The September 27 Washington Post had reported that, according to a US State Department survey, in Baghdad “nearly three-quarters of residents polled said they would feel safer if US and other foreign forces left Iraq, with 65% of those asked favouring an immediate pull-out”.
The Post’s report added that interviews with “Baghdad residents in recent weeks suggest one central cause for Iraqi distrust of the Americans: They believe the US government has deliberately thrown the country into chaos … to create an excuse to keep its forces here.”
This was confirmed by the PIPA survey, conducted on September 1-4. It found that an “overwhelming majority” of Iraqis “believe that the US military presence in Iraq is provoking more conflict than it is preventing”. This view was held by 78% of Iraqis — by 82% of Shiites and a near-unanimous 97% of Sunnis.
The PIPA poll also found that 61% of Iraqis approved of insurgent attacks on US forces — up from 47% in January. Support for attacks on US forces among Shiites had risen from 41% in January to 62% in September. Support for such attacks among Sunnis was 92%, up from 88% in January.

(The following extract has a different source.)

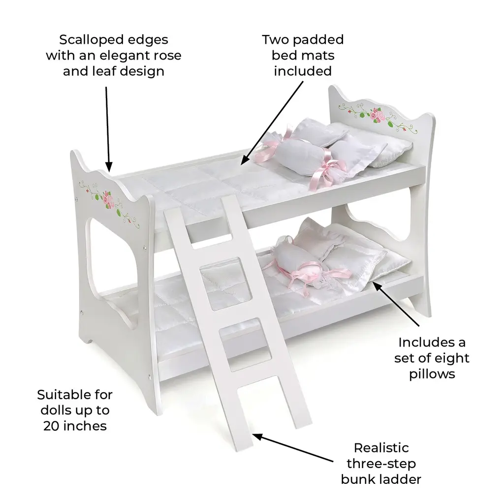 Badger Basket's elegant White Rose Doll Bunk Bed is perfect for sisters or sleepovers! Two dolls can slumber in comfort thanks to the two quilted, padded blankets, four square pillows, two rectangle pillows, and two cylindrical pillows. The stuffed linens can also be used as mattresses instead of blankets. Includes a removable ladder for extra fun and realism. The bunk bed is so pretty and sophisticated, your dolls, and special stuffed animals, will be begging for afternoon naps, too! Fun for little mommies caring for their pretend, tired children; or an elegant way to display prized collector dolls. The white bunk bed features fancy, scalloped details with silk-screened rose and leaf design. Rose design is bursting with pretty pinks and spring greens. Bed is made with durable engineered wood with a white finish. Removable bedding is made with 100% Polyester fabric with 100% Polyester fill. For Dolls up to 20 inches. Fits 18 inch dolls such as American Girl, My Life As, Madame Alexander, Ashton Drake, and Our Generation; and also fits 15 inch American Girl Bitty Baby dolls and 14.5 inch American Girl WellieWishers dolls. Overall doll bunk bed measures 22.25 inches L x 11.25 inches W x 17 inches H to the top of the headboard. Height to top of Footboard: 15.25 inches H. Interior of beds: 21.5 inches L x 9.25 inches W x 0.5 inch H. Distance between bunks: 9.5 inches H. Height from floor to bottom rail: 2 inches H. Assembled weight: 6.3 pounds. All measurements approximate. Spot clean the fabric as needed and air dry. Wipe the frame clean as needed with a lightly dampened cloth and dry thoroughly. Adult assembly required. Illustrated instructions included. For children from three years old and up. This item is to be used with dolls only and is never to be used with real infants or pets. /!\ WARNING: CHOKING HAZARD - Small parts. Not for children under 3 yrs. Product complies with all currently applicable safety standards. Product includes a limited warranty of 30 Days Parts to the original purchaser. Doll and doll clothes/accessories not included. Product may vary slightly from shown and described. Props/accessories shown are for illustration purposes only and are not included with the product. Actual color/finish may vary slightly from screen display. This item ships in its original carton which may include a product photo.

Bush’s plan to deploy an extra 20,000 US combat troops runs counter to the public comments made by General John Abizaid, the Pentagon’s top Middle East commander, in testimony given on November 15 before the US Senate armed services committee. Abizaid said the US Army and Marine Corps simply do not have enough troops to sustain a larger force in Iraq for very long. “We can put in 20,000 more Americans tomorrow and achieve a temporary effect. But when you look at the overall American force pool that’s available out there, the ability to sustain that commitment is simply not something that we have right now with the size of the Army and the Marine Corps”, he told the committee.
Over the course of 2006, US commanders have grown increasingly alarmed about the burden long deployments in Iraq are placing on the regular army. General Peter Schoomaker, the US Army’s chief of staff, warned Congress last month that the active-duty army “will break” under the strain of current Iraq war deployments.

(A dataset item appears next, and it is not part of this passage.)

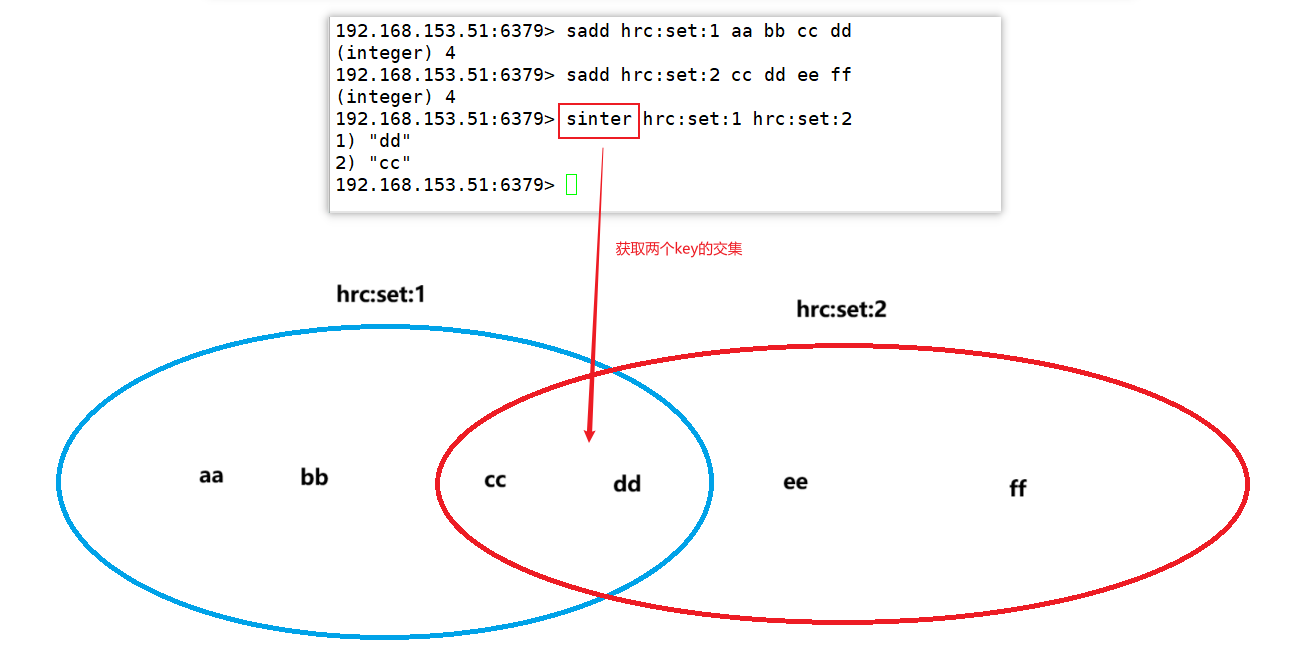 5. SINTER key1 key2 ....:求出key1 和 key2 的交集

Former secretary of state Colin Powell, a retired US Army general who headed the Joint Chiefs of Staff from 1989 to 1993, told CBS TV’s December 17 Face the Nation program that “the active army is about broken” and that the US was “not winning, we are losing” the war in Iraq. Commenting on proposals for a “surge” in US troop strength in Iraq, Powell said: “There really are no additional troops. All we would be doing is keeping some of the troops who were there, there longer and escalating or accelerating the arrival of other troops.”

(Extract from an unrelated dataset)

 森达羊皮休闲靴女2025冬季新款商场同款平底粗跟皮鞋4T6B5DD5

While the majority of ordinary Americans, like the majority of ordinary Australians, are opposed to the war in Iraq, the big challenge facing Marxists and other antiwar activists in both countries is to turn this passive opposition into activity, into mass protest. The experience of the struggle against the Vietnam War in the 1960s and early 1970s demonstrated that only when this happens on a sustained basis will it led to active resistance by the working-class youth who make up the ranks of the imperialist rulers’ armies to being passive cannon fodder, thus causing the collapse of the imperialist military machine as a reliable fighting force.